Every year, craft breweries generate mountains of leftover hops, the green, cone-shaped flowers that give beer its bitter kick and hoppy aroma. Much of it is discarded after brewing. But a team of researchers in Brazil has discovered that this brewing waste appears capable of more than tripling a sunscreen’s measured SPF in lab tests.
Scientists from the University of São Paulo and the Federal University of Espírito Santo tested whether extracts made from used hops, leftovers from a brewing technique called dry-hopping, could improve how well sunscreen blocks ultraviolet rays. When the recycled hop extract was mixed into a sunscreen formula using water as the solvent, the product’s sun protection factor jumped from about 54 to 178. According to the researchers, this is the first successful demonstration that both fresh and brewery-recycled hop extracts can work as add-on ingredients in sunscreen formulas, evaluated using a standardized lab method.

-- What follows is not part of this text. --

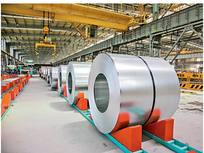
■山鋼日照鋼鐵精品基地地板材生產線

日照因「日出初光先照」而得名，位於山東半島南翼，是黃海之濱的一顆璀璨明珠。當前，日照市正在實施「開放活市」戰略，大力推動「雙招雙引」，着力打造「創新之城、生態之城、旅遊之城、活力之城、藍色之城」，加快建設美麗富饒、生態宜居、充滿活力的現代化海濱城市。

Published in Photochem, the paper arrives as the cosmetics industry faces growing pressure to find natural, eco-friendly alternatives that are gentler on human skin and fragile ocean ecosystems.
Hops Already Have a History in Skin Research
Hops have long been valued for more than just beer. The plant contains biologically active compounds, including bitter acids and antioxidants, that earlier research has shown can protect against UV damage at the cellular level. That prior work made hops an intriguing candidate for skin care.
What sets this study apart is its focus on waste. During dry-hopping, hops are added after fermentation to intensify aroma and flavor, and an estimated 85% of the plant’s beneficial compounds remain trapped in the leftover material. Breweries typically discard it. Could those abandoned compounds still do useful work?
To find out, the team obtained two types of hop material: commercially purchased pellets that had never been used in brewing, and material that had already gone through dry-hopping and would normally be thrown away. Both were soaked overnight in ethanol, put through a second extraction step, dried, and stored.
A Compound Found Only in the Waste
Using a lab technique that separates and identifies chemical compounds, the researchers mapped what was in each extract. Both contained bitter acids typical of hops. But the reused extract held something unexpected: it was the only one that contained a compound related to xanthohumol, a plant pigment studied for its antioxidant and anti-inflammatory properties.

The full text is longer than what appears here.